Notably, low levels of these biomarkers can definitely help determine which patients do not require CT scans, thereby reducing needless radiation exposure and healthcare costs. These patients can then be safely discharged. For those with more severe injuries, CT and MRI imaging, the framework’s third pillar, plays a crucial role in identifying blood clots, bleeding, and lesions that can indicate current and future symptoms.

Biomarkers also help identify suitable candidates for clinical trials aimed at developing new TBI medications, an area that has seen limited progress in the past 30 years. A recently launched trial, set to take place at 18 trauma centers nationwide, may pave the way for new treatment options.

“These biomarkers are crucial in clinical trials,” Manley said. “in the past, we couldn’t tell the difference between a knock on the head and a TBI. Thanks to biomarkers we can make this distinction and ensure that it’s the TBI patient who enrolls in the trial.”

The final pillar, modifiers, evaluates how the injury occurred, such as a fall, blow, or penetrating object. It also considers pre-existing conditions, medications, healthcare access, prior TBIs, substance abuse, and living circumstances.

“This pillar summarizes the factors that research tells us need to be considered when we interpret a patient’s clinical,blood biomarker,and neuroimaging exams,” said co-first author Kristen Dams-O’Connor,PhD,professor of rehabilitation and human performance,and neurology,and director of the Brain Injury Research Center at the Icahn School of Medicine at Mount sinai in New York.

“one example is a patient with underlying cognitive impairment who may require acute monitoring for risk of clinical deterioration, regardless of findings on the initial clinical exam,” she said.

The new framework is currently being implemented on a trial basis at select trauma centers. It will undergo further refinement and validation before full implementation.

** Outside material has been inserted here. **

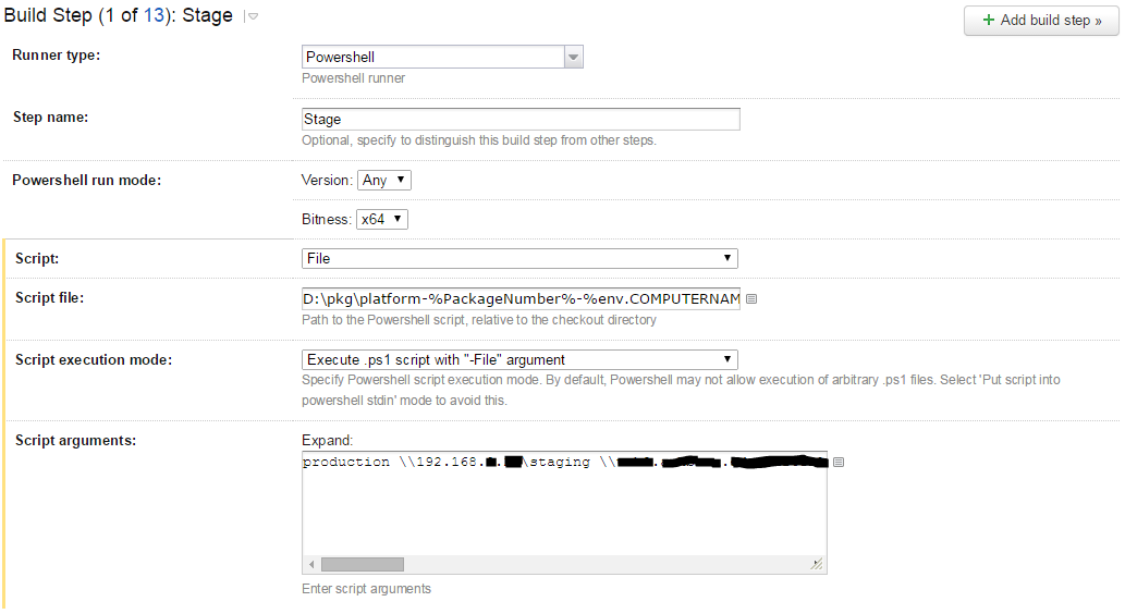 PS C:\Users\user.domain> cd D:\pkg\platform-2b0c7e3f71f9-BUILD01; powershell.exe -noprofile -executionpolicy Bypass -file D:\pkg\platform-2b0c7e3f71f9-BUILD01\stage.ps1 production \\192.168.x.x\staging \\testserver.domain.com\staging

Frequently Asked Questions about Traumatic Brain Injuries

What is a traumatic brain injury (TBI)?
A traumatic brain injury (TBI) is an injury that disrupts the normal function of the brain. It can be caused by a bump, blow, or jolt to the head.
What are the common causes of TBIs?
Common causes of TBIs include motor vehicle accidents,falls,assaults,and sports-related injuries.
What are the potential long-term effects of a TBI?
The long-term effects of a TBI can vary depending on the severity of the injury.They may include physical disabilities, cognitive impairments, emotional and behavioral changes, and difficulties with daily activities.
How is a TBI diagnosed?
A TBI is typically diagnosed through a combination of clinical evaluation, neurological examination, imaging tests (such as CT scans and MRIs), and biomarker analysis.
What is the Glasgow Coma Scale (GCS)?
The Glasgow Coma Scale (GCS) is a standardized tool used to assess the level of consciousness in patients with acute brain injury. It evaluates eye-opening, verbal response, and motor response to stimuli.